I have a great story to tell, I’ll admit it.
I came to the UK as part of the Windrush generation. I landed in Birmingham with nothing: my four brothers and I lived in poverty, and I had to scrap for everything. I worked on my father’s allotment from the age of five; I dropped out of school, and I was dishonourably discharged from the army. I trained as a chef, talked my way into the BBC, brought Gordon Ramsey and James Martin (amongst others) to the small screen, and then became the UK’s first and only black farmer – a title I still hold today.
I was handed that name, rather than presented myself in that way – for that’s what my neighbours called me. So that’s what I called my business when I launched it nearly 20 years ago – The Black Farmer. We now have products in all the major supermarkets, sell direct to consumers online and operate an incubator for small brands.
The big business theme that has come to the fore over the last couple of years seems to show no sign of slowing. That theme is the rise of ‘purpose’. High street banks, investment behemoths, retailers, and businesses from all walks of life are investing huge sums of money to improve their purpose proposition. From climate change targets to gender wage gap commitments, big businesses are clearly as passionate about being known for being ‘good’ as they are for delivering a good service or producing a good project.
And this is no bad thing, of course. In fact, it is encouraging that consumers are clearly driving this demand. But what can entrepreneurs learn from this?
The short answer is that authenticity is key to any sense of ‘purpose’. Big businesses are no longer faceless, or soleless, they’re not as ruthless as it looked like they were going to be in the ‘90s and at the turn of the century. And because they are conscious of the power of the narrative, they respond to stories – to people. Entrepreneurs need to spend as much time preparing their story, as they do their finances, if not more so. Otherwise big businesses will not engage.
Storytelling can improve sales, can create a brand to engage with, allow investors or possible partners to truly understand the journey the business is on. At The Black Farmer for instance, we receive hundreds of pitches for investment and support. And while some have fascinating products, or impressive sales forecasts, without a good story to tell, we will not invest.

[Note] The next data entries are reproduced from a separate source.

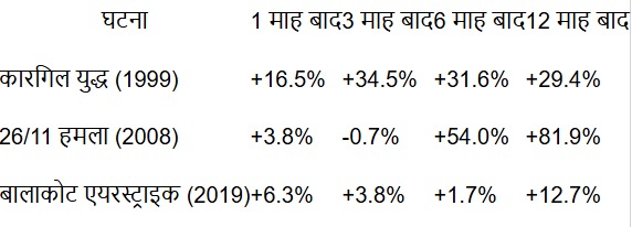 शेयर बाजारों पर तनाव का असर इतिहास बताता है कि युद्ध और आतंकी हमलों के समय शेयर बाजारों में तुरंत असर देखने को मिलता है। पुलवामा हमले के बाद पाकिस्तान का भारत को निर्यात 550 मिलियन डॉलर से घटकर मात्र 4.8 लाख डॉलर रह गया था। वर्तमान टकराव में पाकिस्तान के कराची स्टॉक एक्सचेंज में 6,500 अंकों की गिरावट दर्ज की गई, जबकि भारतीय बाजारों में मिला-जुला रुख रहा। हालांकि, डेटा दर्शाते हैं कि ऐसे तनावपूर्ण दौर में बाजारों में शुरूआती गिरावट होती है, लेकिन मिड से लॉन्ग टर्म में वे खुद को संभाल लेते हैं। उदाहरण के तौर पर, 26/11 हमले के बाद 12 महीने में Nifty ने 81.9% रिटर्न दिया था।
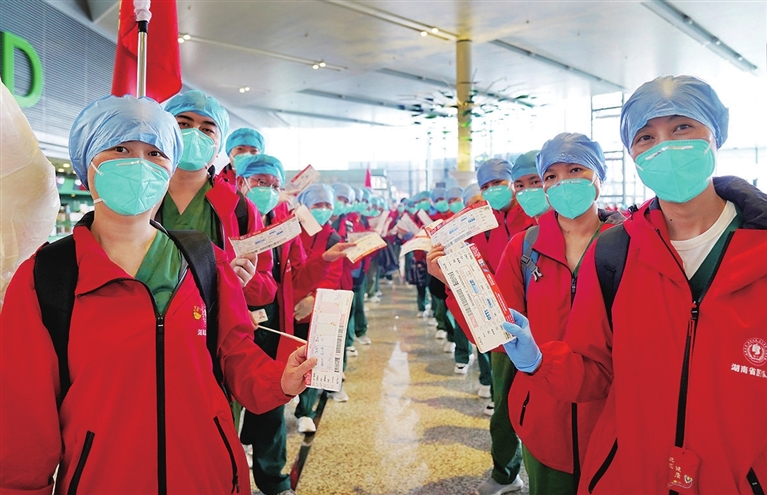近日,上海疫情防控取得阶段性成果,随着多家方舱医院的休舱,各地援沪医疗队陆续离沪。 新华社 发
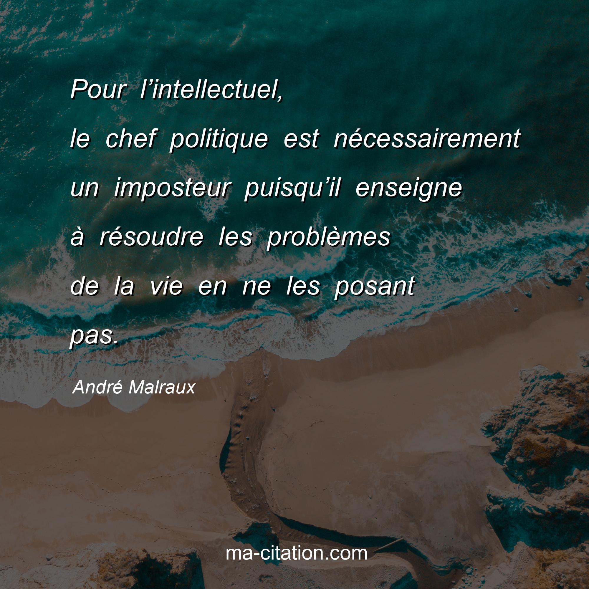 Citation sur la vie d'André Malraux :Pour l’intellectuel, le chef politique est nécessairement un imposteur puisqu’il enseigne à résoudre les problèmes de la vie en ne les posant pas.
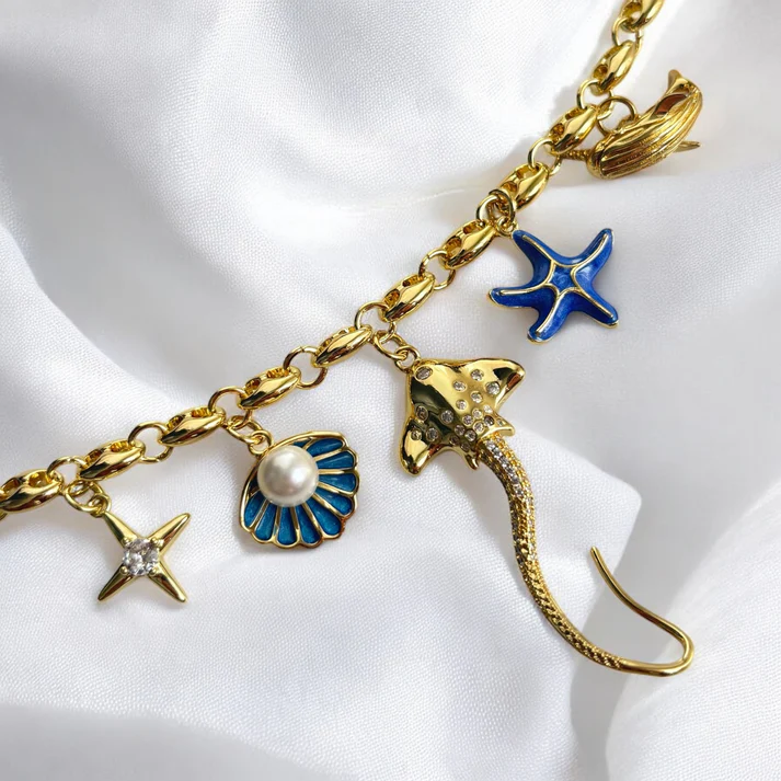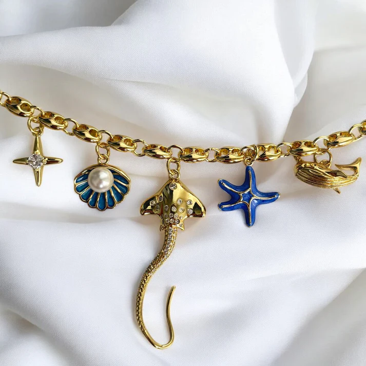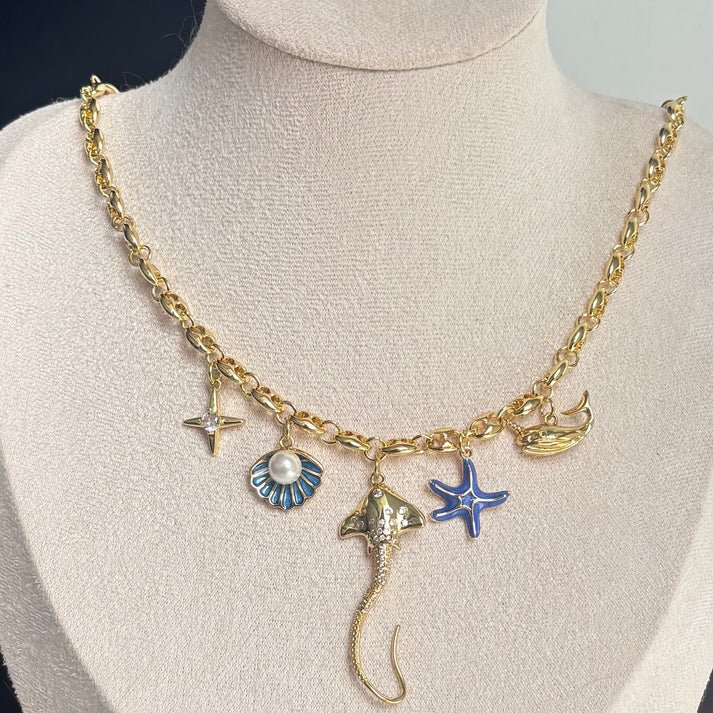 A stunning handmade charm necklace inspired by the deep sea — featuring a radiant star, pearly seashell, sparkling stingray, vibrant starfish, and majestic whale. A treasure from the ocean, full of mystery and elegance. 🌊✨🐋

According to analysis by the Centre for Entrepreneurs, nearly half a million new businesses were launched during the pandemic in the UK – an increase compared to the same period the previous year. The sad reality is that most of those will fail. Those that will succeed will be the ones with the interesting story to tell. And the most important thing is – everyone has a story to tell. If you’ve made the decision to become an entrepreneur, you definitely do. Everyone has a personality worth sharing, and personality is what makes a success.
Business is like dating or making friendships. You end up with someone who brings strength to where you may be weak. It is impossible to determine what you need and how to grow if you don’t first know how to tell your story. Entrepreneurs must be more than an idea, or a product, they must be able to demonstrate where they come from, what they believe, what makes them tick. Investors nowadays invest in stories; those who have a strong one will make the cut.